Three indigenous artists completed several pieces including a big mural outside Fire Station 5 that reflects Blackfoot culture and territory in the city of Lethbridge.

Hali Heavy Shield, the artist behind the mural, says it’s truly an honour to have created a piece for the city and explains the meaning behind her work.

Heavy Shield is one of three artists who contributed to the project. Rudy Black Plume created a wrap for one of the fire engines, which brings the spirit of the painted horse to crews who operate the truck. 

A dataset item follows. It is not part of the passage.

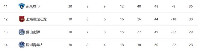 排在11—14名的队伍:南京:36分;上海30分;佛山29分;深圳28分

There are also nine bison sculptures lining the boulevard with information on native plant species. These were created by Marjie Crop Eared Wolf, along with Kainai elders.

This is the first time that three artists have collaborated on pieces and the hope is to have more indigenous artwork displayed around the city.

The city says the new installations create an ecosystem of Blackfoot cultural representation  with a goal to reflect the diversity of the community in the public realm.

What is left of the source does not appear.